**Dataset excerpt**.

****************

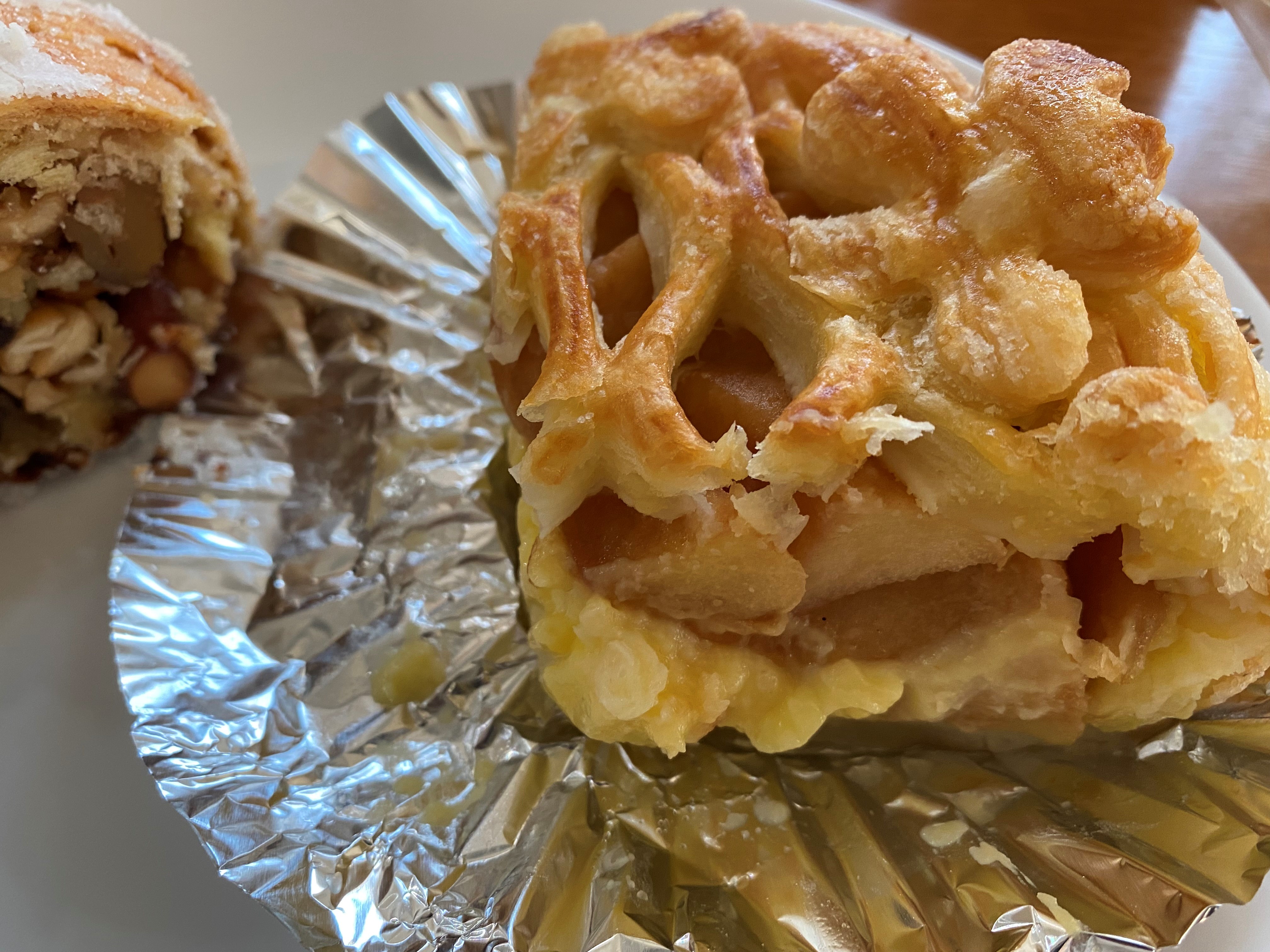 一番人気のアップルパイとシュトーレンを実食。アップルパイは1/4サイズでリンゴとカスタードがゴロゴロ入ってバターの香りがしておいしい!2人で食べてもよさそうなボリューム。
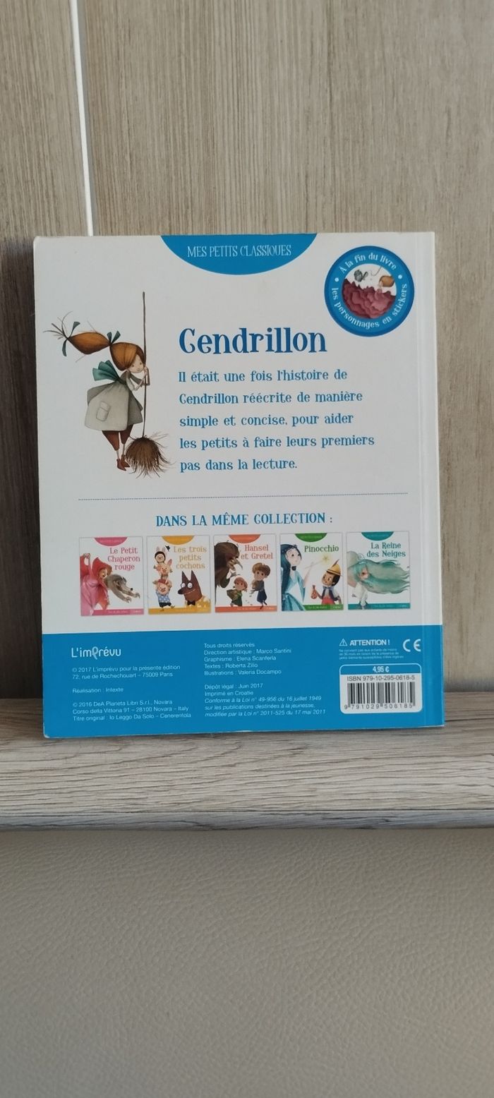Collection mes petits classiques Cendrillon avec de jolis stickers Il était une fois l'histoire de Cendrillon réécrite de manière simple et concise, pour aider les petits à faire leurs premiers pas dans la lecture. Très bon état.
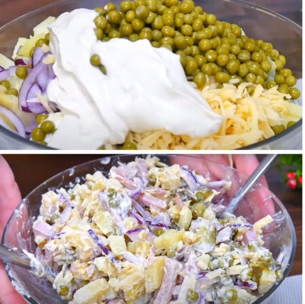 Приготовление картофельного салата: Нарезаем маленькими брусочками копченую колбасу. Режем маринованные огурцы полукольцами, а красный лук — четверть кольцами. Отвариваем до мягкости картофель и очищаем от кожуры. Нарезаем картофель маленькими кубиками, выкладываем в салатник вместе с колбасой, огурцами, луком и зеленым горошком.

****************

**What the task requires**. Copy all the data exactly as written, but skip any picture.

**Response for this exercise**.
 一番人気のアップルパイとシュトーレンを実食。アップルパイは1/4サイズでリンゴとカスタードがゴロゴロ入ってバターの香りがしておいしい!2人で食べてもよさそうなボリューム。
Collection mes petits classiques Cendrillon avec de jolis stickers Il était une fois l'histoire de Cendrillon réécrite de manière simple et concise, pour aider les petits à faire leurs premiers pas dans la lecture. Très bon état.
 Приготовление картофельного салата: Нарезаем маленькими брусочками копченую колбасу. Режем маринованные огурцы полукольцами, а красный лук — четверть кольцами. Отвариваем до мягкости картофель и очищаем от кожуры. Нарезаем картофель маленькими кубиками, выкладываем в салатник вместе с колбасой, огурцами, луком и зеленым горошком.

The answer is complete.